But still the number of Documents Processed seems to be stuck at a fixed number of items looking at the Stats and the 'numFound' result for a generic '*:*' search. New items are being added to the feeds all the time (and old ones dropping off).

Is it possible for Solr to incrementally build an index of a live RSS feed which is changing but retain the index of its archive?

All help appreciated.
Shaun

Re: Aggregated indexing of updating RSS feeds

Posted by sbarriba <sb...@yahoo.co.uk>.

All,
Can anyone advise how to stop the "deleteAll" event during a full import? 

As discussed above using clean=false with Solr 3.4 still seems to trigger a
delete of all previous imported data. I want to aggregate the results of
multiple imports.

Thanks in advance.
S

--
View this message in context: http://lucene.472066.n3.nabble.com/Aggregated-indexing-of-updating-RSS-feeds-tp3485335p3512260.html
Sent from the Solr - User mailing list archive at Nabble.com.

Re: Aggregated indexing of updating RSS feeds

Posted by Michael Kuhlmann <ku...@solarier.de>.

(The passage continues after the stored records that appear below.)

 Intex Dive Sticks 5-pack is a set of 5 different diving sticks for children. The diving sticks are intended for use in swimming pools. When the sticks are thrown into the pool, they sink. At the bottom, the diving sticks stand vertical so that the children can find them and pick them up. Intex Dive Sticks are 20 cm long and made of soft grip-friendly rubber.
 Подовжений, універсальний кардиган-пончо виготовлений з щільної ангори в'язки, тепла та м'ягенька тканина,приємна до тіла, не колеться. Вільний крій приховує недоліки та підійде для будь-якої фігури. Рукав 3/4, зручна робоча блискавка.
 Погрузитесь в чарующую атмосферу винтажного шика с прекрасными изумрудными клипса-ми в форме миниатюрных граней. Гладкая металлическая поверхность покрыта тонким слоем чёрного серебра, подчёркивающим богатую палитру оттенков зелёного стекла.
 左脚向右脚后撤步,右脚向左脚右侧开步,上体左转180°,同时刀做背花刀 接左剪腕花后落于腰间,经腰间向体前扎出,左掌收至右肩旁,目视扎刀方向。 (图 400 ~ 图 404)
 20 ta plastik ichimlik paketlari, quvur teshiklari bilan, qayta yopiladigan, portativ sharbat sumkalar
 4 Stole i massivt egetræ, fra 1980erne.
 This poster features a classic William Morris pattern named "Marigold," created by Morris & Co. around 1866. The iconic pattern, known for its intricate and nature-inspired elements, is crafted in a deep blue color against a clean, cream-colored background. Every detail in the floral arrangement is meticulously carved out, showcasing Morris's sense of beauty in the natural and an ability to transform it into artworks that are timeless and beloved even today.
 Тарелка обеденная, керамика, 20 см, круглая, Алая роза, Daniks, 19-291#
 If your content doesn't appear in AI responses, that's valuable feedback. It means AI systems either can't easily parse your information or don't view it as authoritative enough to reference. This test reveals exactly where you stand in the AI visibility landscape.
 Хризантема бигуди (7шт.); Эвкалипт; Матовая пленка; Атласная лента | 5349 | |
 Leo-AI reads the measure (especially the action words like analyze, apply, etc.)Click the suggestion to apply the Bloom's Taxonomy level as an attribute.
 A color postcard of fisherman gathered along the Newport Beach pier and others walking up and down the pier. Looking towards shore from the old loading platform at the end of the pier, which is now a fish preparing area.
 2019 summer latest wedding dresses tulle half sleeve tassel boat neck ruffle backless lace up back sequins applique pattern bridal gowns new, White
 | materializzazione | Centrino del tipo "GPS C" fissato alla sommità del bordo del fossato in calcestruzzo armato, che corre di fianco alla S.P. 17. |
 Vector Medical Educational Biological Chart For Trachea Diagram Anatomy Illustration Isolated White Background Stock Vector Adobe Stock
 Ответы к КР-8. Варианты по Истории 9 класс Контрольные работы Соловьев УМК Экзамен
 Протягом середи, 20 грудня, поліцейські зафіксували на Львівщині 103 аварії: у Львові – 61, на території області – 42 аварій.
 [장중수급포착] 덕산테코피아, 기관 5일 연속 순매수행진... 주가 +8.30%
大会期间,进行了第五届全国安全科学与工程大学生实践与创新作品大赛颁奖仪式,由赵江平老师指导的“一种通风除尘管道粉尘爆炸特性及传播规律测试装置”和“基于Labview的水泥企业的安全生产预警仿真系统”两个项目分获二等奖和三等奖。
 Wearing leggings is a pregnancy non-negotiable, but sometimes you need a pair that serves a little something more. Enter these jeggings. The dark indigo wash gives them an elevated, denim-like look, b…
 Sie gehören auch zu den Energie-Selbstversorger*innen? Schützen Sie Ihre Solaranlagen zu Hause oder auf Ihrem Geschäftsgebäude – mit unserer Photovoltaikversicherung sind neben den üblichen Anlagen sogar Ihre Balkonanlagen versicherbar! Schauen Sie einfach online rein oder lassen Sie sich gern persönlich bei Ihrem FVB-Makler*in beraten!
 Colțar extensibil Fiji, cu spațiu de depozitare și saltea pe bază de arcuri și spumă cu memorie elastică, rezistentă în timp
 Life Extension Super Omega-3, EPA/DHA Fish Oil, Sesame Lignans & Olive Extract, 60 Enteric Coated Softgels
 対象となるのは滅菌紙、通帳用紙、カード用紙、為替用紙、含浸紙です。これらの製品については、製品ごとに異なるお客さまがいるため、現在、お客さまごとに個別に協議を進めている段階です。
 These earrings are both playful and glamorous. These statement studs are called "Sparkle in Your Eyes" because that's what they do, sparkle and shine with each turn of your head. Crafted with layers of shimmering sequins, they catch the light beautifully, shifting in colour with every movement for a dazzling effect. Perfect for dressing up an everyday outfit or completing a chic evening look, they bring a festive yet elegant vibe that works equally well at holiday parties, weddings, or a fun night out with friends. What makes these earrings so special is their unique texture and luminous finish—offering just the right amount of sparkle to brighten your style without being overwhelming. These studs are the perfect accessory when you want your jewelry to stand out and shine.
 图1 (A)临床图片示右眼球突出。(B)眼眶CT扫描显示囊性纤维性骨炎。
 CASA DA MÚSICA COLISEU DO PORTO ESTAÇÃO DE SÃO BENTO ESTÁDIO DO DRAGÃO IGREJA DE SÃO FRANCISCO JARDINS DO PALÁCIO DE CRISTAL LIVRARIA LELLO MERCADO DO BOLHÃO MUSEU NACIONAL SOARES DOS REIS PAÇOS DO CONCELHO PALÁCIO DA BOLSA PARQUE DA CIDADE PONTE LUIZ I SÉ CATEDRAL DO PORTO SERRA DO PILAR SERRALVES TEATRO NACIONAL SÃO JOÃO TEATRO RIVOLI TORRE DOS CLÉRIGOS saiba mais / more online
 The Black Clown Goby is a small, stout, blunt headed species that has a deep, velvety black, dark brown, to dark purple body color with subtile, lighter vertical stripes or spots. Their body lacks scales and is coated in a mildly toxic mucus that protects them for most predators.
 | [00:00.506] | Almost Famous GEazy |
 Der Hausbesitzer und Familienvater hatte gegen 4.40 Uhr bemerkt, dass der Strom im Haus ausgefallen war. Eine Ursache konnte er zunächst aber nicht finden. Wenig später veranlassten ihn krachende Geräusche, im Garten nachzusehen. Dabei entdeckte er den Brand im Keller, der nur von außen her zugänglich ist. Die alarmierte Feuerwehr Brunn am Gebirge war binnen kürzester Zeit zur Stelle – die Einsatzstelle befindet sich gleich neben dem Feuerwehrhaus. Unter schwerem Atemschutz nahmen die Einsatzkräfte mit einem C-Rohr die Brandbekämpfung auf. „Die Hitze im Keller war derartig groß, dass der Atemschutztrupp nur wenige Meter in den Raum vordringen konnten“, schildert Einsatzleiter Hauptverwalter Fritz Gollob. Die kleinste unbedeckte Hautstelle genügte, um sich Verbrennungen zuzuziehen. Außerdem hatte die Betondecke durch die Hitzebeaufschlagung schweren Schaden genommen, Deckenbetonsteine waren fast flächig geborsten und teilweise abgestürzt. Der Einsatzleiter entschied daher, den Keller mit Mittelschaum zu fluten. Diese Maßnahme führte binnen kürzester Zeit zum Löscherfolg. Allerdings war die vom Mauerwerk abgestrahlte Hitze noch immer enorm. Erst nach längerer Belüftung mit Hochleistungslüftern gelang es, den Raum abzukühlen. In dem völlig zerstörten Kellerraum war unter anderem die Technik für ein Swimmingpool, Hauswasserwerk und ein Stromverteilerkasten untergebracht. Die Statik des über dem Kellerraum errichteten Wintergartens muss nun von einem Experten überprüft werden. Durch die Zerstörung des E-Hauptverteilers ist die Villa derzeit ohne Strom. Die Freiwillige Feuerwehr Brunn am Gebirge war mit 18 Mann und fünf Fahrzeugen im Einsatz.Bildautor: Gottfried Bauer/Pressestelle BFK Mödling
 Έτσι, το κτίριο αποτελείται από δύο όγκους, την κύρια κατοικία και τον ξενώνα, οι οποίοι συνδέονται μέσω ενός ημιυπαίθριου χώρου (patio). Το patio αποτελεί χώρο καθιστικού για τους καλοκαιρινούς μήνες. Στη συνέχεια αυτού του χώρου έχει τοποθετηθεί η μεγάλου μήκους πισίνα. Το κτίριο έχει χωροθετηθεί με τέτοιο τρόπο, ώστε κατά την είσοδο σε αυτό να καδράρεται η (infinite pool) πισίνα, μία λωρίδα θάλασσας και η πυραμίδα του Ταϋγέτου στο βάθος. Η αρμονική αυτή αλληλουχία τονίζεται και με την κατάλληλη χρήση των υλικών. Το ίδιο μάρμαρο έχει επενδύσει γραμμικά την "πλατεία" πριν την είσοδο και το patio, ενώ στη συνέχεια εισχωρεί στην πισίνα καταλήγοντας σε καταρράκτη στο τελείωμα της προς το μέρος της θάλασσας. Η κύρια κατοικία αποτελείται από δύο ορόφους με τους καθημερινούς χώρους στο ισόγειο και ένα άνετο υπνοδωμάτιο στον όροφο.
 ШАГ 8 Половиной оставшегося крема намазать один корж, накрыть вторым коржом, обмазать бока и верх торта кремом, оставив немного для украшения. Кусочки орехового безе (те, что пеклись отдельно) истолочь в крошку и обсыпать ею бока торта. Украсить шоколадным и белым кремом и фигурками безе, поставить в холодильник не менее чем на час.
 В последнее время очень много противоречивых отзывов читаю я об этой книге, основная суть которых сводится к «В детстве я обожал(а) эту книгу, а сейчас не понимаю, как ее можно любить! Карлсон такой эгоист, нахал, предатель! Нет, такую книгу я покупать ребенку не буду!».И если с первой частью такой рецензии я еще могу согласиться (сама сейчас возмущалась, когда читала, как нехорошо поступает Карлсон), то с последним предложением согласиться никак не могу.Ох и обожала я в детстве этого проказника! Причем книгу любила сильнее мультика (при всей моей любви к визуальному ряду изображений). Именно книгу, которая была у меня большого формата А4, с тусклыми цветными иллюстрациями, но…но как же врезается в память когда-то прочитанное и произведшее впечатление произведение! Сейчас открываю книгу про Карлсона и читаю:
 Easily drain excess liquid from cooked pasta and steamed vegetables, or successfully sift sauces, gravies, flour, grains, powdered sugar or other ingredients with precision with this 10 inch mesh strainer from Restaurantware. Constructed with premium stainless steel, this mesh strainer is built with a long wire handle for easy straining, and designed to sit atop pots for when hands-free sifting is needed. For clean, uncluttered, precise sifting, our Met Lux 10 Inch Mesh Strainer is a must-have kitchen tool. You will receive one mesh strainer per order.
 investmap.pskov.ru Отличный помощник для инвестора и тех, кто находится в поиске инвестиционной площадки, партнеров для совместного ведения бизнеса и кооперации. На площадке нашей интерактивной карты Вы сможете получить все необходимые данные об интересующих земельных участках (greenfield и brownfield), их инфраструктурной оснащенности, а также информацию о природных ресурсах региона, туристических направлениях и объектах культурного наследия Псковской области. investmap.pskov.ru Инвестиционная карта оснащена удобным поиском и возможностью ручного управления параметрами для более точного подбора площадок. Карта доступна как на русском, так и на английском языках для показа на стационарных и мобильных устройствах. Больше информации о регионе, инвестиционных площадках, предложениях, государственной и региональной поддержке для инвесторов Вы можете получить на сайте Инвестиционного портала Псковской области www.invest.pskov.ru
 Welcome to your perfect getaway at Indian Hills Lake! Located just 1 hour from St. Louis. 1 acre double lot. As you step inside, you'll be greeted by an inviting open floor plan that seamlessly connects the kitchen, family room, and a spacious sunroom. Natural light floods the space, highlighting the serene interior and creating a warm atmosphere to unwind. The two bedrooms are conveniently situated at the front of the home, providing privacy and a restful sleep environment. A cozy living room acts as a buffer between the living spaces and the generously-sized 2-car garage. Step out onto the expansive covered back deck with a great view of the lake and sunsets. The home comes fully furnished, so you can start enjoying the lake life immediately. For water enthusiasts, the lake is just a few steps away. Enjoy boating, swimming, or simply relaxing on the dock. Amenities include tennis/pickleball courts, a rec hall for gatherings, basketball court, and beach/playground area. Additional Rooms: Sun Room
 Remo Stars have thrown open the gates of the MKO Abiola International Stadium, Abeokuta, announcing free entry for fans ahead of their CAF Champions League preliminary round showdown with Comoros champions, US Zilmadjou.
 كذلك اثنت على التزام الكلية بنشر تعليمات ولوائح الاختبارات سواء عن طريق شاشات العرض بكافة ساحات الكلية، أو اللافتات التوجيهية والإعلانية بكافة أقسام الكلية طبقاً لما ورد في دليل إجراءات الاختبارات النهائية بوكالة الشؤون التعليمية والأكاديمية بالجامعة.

Am 17.11.2011 11:53, schrieb sbarriba:
> The 'params' logging pointer was what I needed. So for reference its not a
> good idea to use a 'wget' command directly in a crontab.
> I was using:
>
> wget http://localhost/solr/myfeed?command=full-import&rows=5000&clean=false

:))

I think the shell handled the and sign as a flag to put the wget command 
into background.

You could put the full url into quotes, or escape the and sign with a 
backslash. Then it should work as well.

-Kuli

Re: Aggregated indexing of updating RSS feeds

Posted by sbarriba <sb...@yahoo.co.uk>.

Thanks Chris.

(Bell rings)

The 'params' logging pointer was what I needed. So for reference its not a
good idea to use a 'wget' command directly in a crontab.
I was using:

wget http://localhost/solr/myfeed?command=full-import&rows=5000&clean=false

...but moving this into a separate shell script, wrapping the URL in quotes
and calling that resolved the issue.

Thanks very much.

--
View this message in context: http://lucene.472066.n3.nabble.com/Aggregated-indexing-of-updating-RSS-feeds-tp3485335p3515388.html
Sent from the Solr - User mailing list archive at Nabble.com.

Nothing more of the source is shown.